For the past week or so, I have been having a bit of a crisis. Sam has been exceptionally needy and not really let me get a moment to myself. This coupled with an obscene amount of work that I can't touch and my achilles injury has had me feeling a bit on edge (read: ready to chuck myself off the Tobin).
So, yesterday, I cleared my schedule, sent R to the Children's Museum and the grocer's armed with an extensive list and sat down on the couch with a pile of work and a fabulous book (Case Histories by Kate Atkinson). I forced myself to tackle the work first and once I was halfway through it, I took a break for reading. I read. And read. And read. I read the entire book in one sitting (four hours straight) and it was luscious, delicious and oh-so-very-needed.
A part of me was screaming that I ought to use the time to be productive, but the less practical side of me--the side that had been pouting all last week--was thrilled. Turns out the one thing I needed was one day (or four hours) back in my old life, when reading a book was the only thing on a day's agenda.
Even though I missed the kid, I forced myself to ignore the guilt. And I was right to do so. Why? Because today I feel much, much better. I feel refreshed. I feel like a human. Yes, I had to stay up until 1 a.m. getting work done last night, but I feel like I did something good for myself, something I have been needing to do for a while.
It occurred to me last week that I have been so wrapped up in motherhood, loving it so much, that it has been easy to ignore the part of me that has not been totally happy. But I think moms do themselves--and their kids--a huge disservice when we focus only on the happy parts of being a mom because, like with everything else, there is lightness and darkness in this job.
I love Sam more than anything before her, but I did have a life before her, a life I liked a lot. And contrary to what many mother say, I do remember what that life was like. I remember being able to blow everything off to read all day. I remember going to a movie at the last minute, getting a late night drink and working out on my own schedule entirely.
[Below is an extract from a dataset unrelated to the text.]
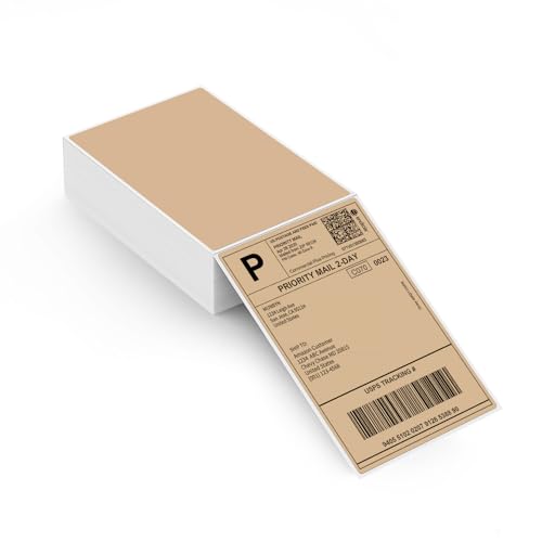 MUNBYN Thermal Labels 4x6 Fanfold for Label Printer, Compatible with Etsy, Shopify, Ebay, Amazon, Royal Mail, FedEx, UPS, Pack of 220, Brown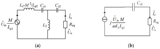 It is assumed that the system realizes CC output only at the frequency f. Moreover, in cases where the transmitting coil compensation capacitor Cp and inductor Lp1 are resonant at this frequency, the total impedance of Cp and Lp1 becomes zero. According to Thévenin’s and Norton’s theorem, the T1 network shown in Figure 3 could be equivalent to an inductor, given in Figure 4a. In case the equivalent inductor Ls − M2/Lp2, Cs1 and L2 resonate at f, the structure shown in Figure 4b can be obtained.

And while I would not trade Sam for my old life, I sometimes wish I could have just a week back there. A week where I was only responsible for me, me, me.
There are so many changes when we become moms. I knew these things would happen. And I always said I would be the kind of mom who retained her old self, who worked out a lot, talked to her friends and managed to talk about something other than the merits of the Bumbo. I never expected to be caught in a Catch-22 cycle of guilt. If I am with her, I feel resentful. If I am away, I feel guilty. I never realized in my haste to be disdainful, that part of the "Martyr Mom" syndrome came from that place. It is awfully hard to do something nice for yourself when it makes you feel like selfish, bad mommy to do it.
Despite the guilt, despite the worry that something might happen to my child if she is out of my sight for two seconds (even if she is with her father), I am going to start taking more time for myself--time that is not spent at the gym. I need it for myself, for R and, most of all, for Sam.